Loss Discovery and Rescue: Medieval Glass from Meysey Hampton Church (Glocs.)

AN ON-LINE EXHIBITION

In September 2006, five pieces of medieval glass from the Gloucestershire Church of St Mary’s at Meysey Hampton (fig. 1) were exhibited at the award-winning Corinium Museum in Cirencester, Gloucestershire. Although small in size, the exhibition was remarkable on two counts: firstly for the historic and artistic importance of the glass on display, and secondly, because the exhibits themselves were also at the heart of an intriguing story of loss, discovery and rescue. Now, with the kind permission of the Meysey Hampton church wardens, the Director of the Museum and Cotswold District Council, Vidimus is able to bring that exhibition to a much wider audience.
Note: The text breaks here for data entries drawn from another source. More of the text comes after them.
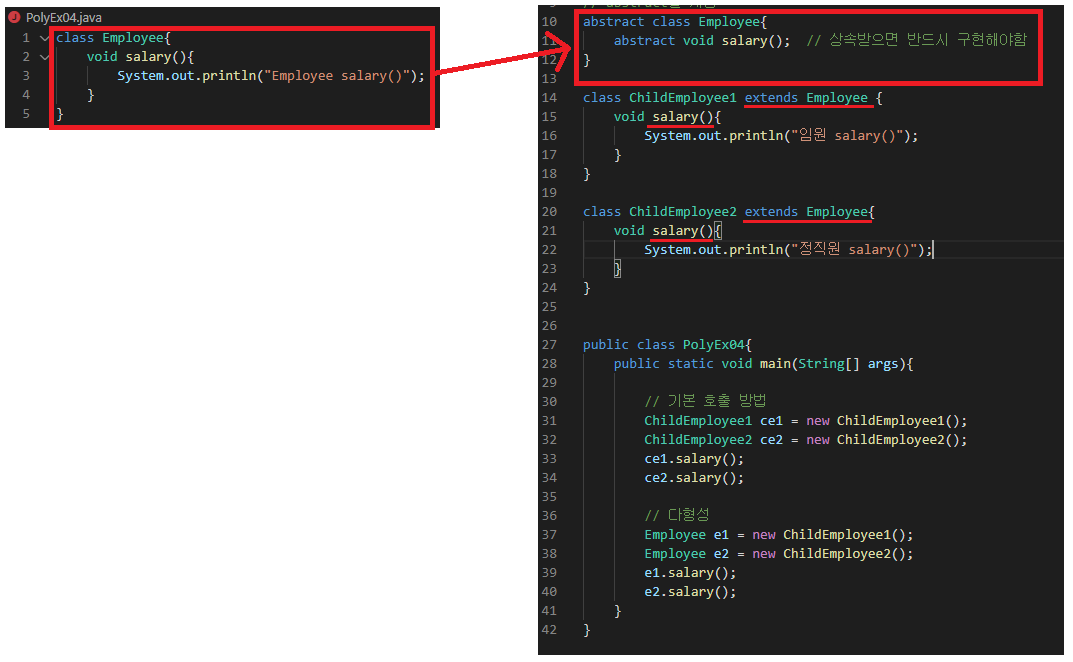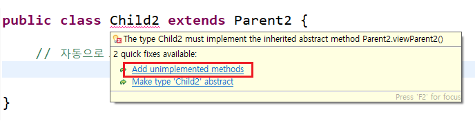abstract 메서드(); => {}를 써서 채울수 없다.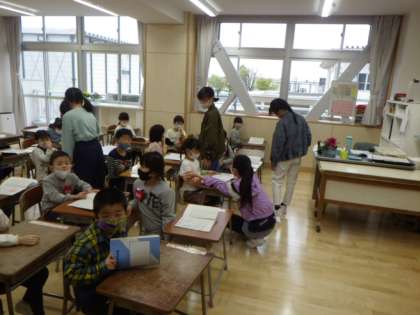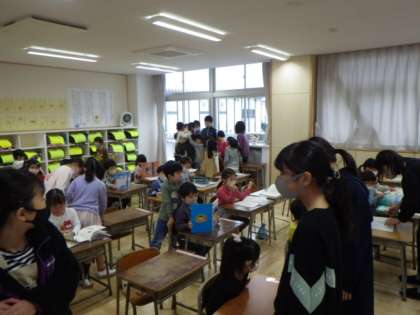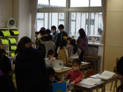 学習参観を楽しみに待つ1年生と、今日も笑顔で挨拶を交わしています。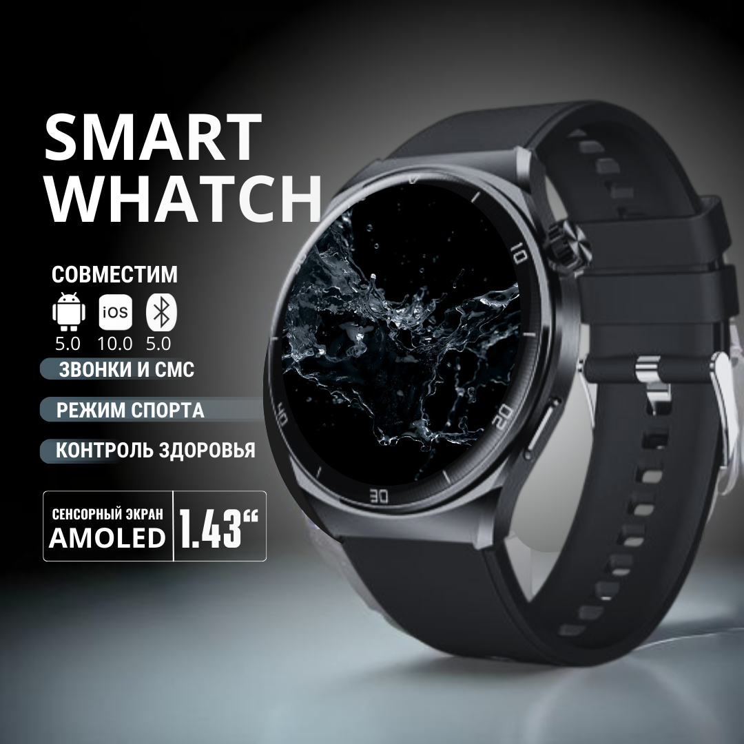 Смарт часы мужские GoodSmart Ultimate 2 чёрно-золотого цвета, AMOLED экран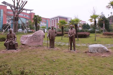 图书大楼前人物头像雕塑选用了享誉中外的四位科学家、艺术家、教育家的头像作为创作原型,他们分别是世界著名物理学家爱因斯坦、欧洲文艺复兴时期杰出艺术家达.芬奇、中国杰出科学家钱学森、中国著名教育家陶行知,他们在各自的领域作出了非凡的贡献。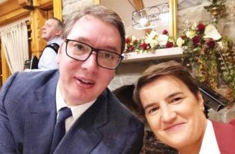 „Sre}na {to ga imamo! Najja~i na svetu" (Premijerka Ana Brnabi} je na Instagramu oka~ila fotku sa ve~ere sa predsednikom Aleksandrom Vu~i}em, ne kriju}i zadovoqstvo “{to ga imamo”. Nedugo zatim, Vu~i} se “drugarski” zahvalio premijerki.)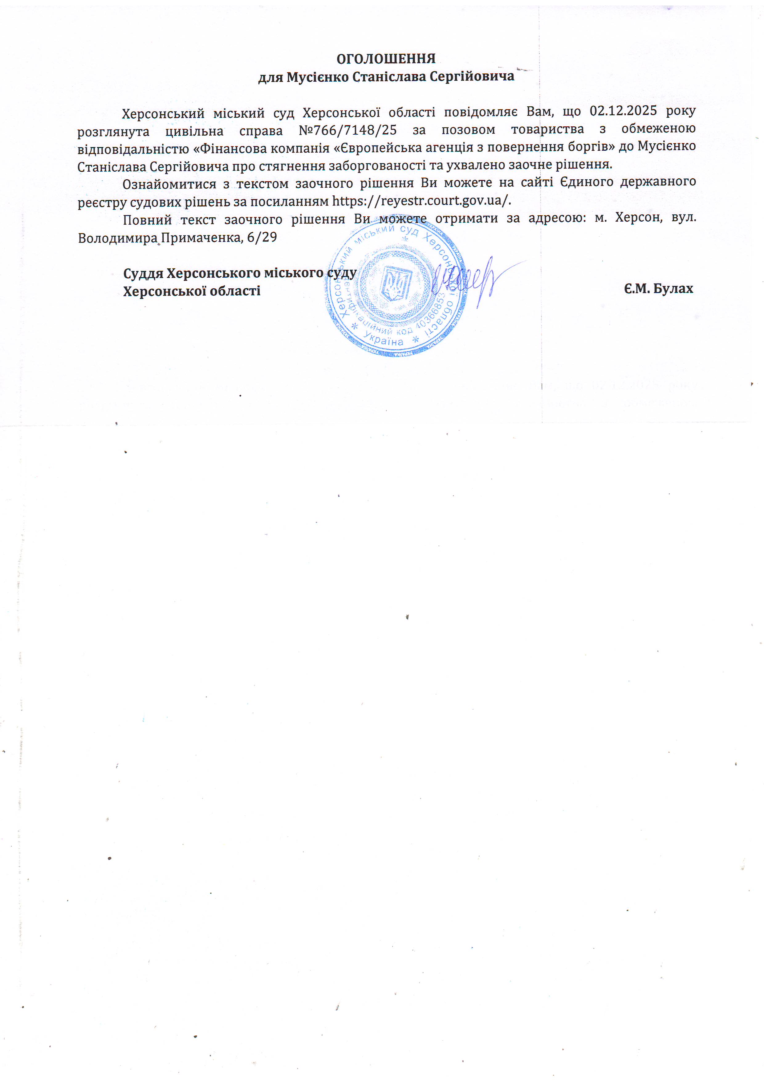Оголошення для Мусієнка Станіслава Сергійовича про ухвалення заочного рішення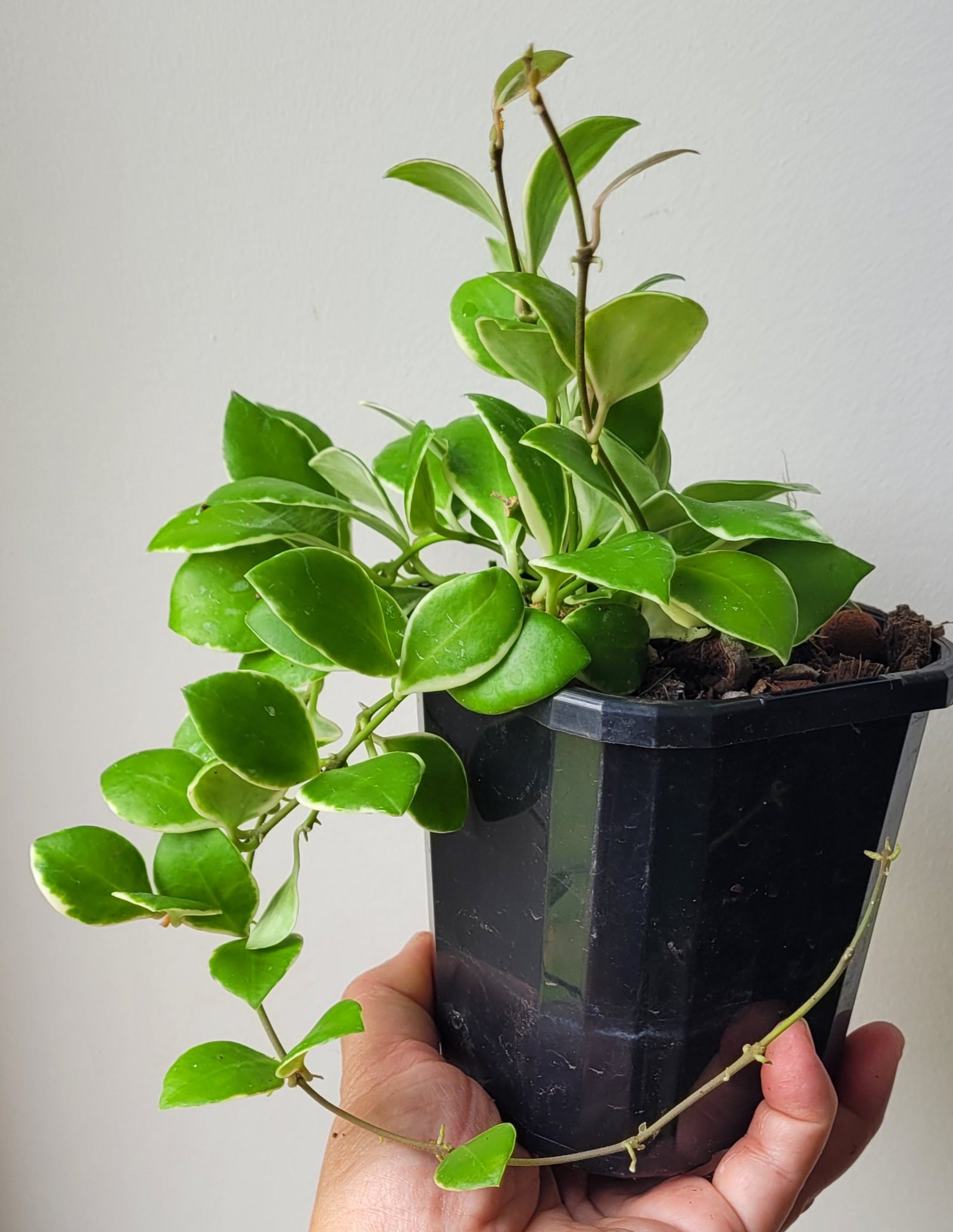 Hoya heuschkeliana albomarginata is a variegated form of heuschkeliana. It has small, narrow green leaves with creamy outer variegation. In high light, new leaves may exhibit pinkish-red hues. A hoya best suited in a hanging basket, known for its soft pink, bell-shaped flowers with a sweet fragrance.

Fig. 1. St Mary’s, Meysey Hampton, from the south-west

Fig. 1. St Mary’s, Meysey Hampton, from the south-west

The exhibits were probably removed from the church in the nineteenth century. They were subsequently stored at the rectory and in the vestry, before being handed over to a stained-glass artist in 1991 when, because of the glass’s extremely poor condition, its true significance went unrecognized (figs. 2 and 3). Following restoration, the glass came on to the art market and it was acquired by the J. P. Getty Museum in Los Angeles in 2003. David O’Connor of the University of Manchester and, until recently, the Chairman of the Council for Care of Churches Stained Glass Committee, led the campaign to return the glass to Meysey Hampton. ‘Getting this outstanding medieval glass back from the Getty is nothing short of a miracle,’ he told Vidimus. ‘I am deeply grateful to the parishioners, the Gloucestershire Diocesan Advisory Committee and, above all, to the London dealer Sam Fogg for successfully negotiating its return from the United States.’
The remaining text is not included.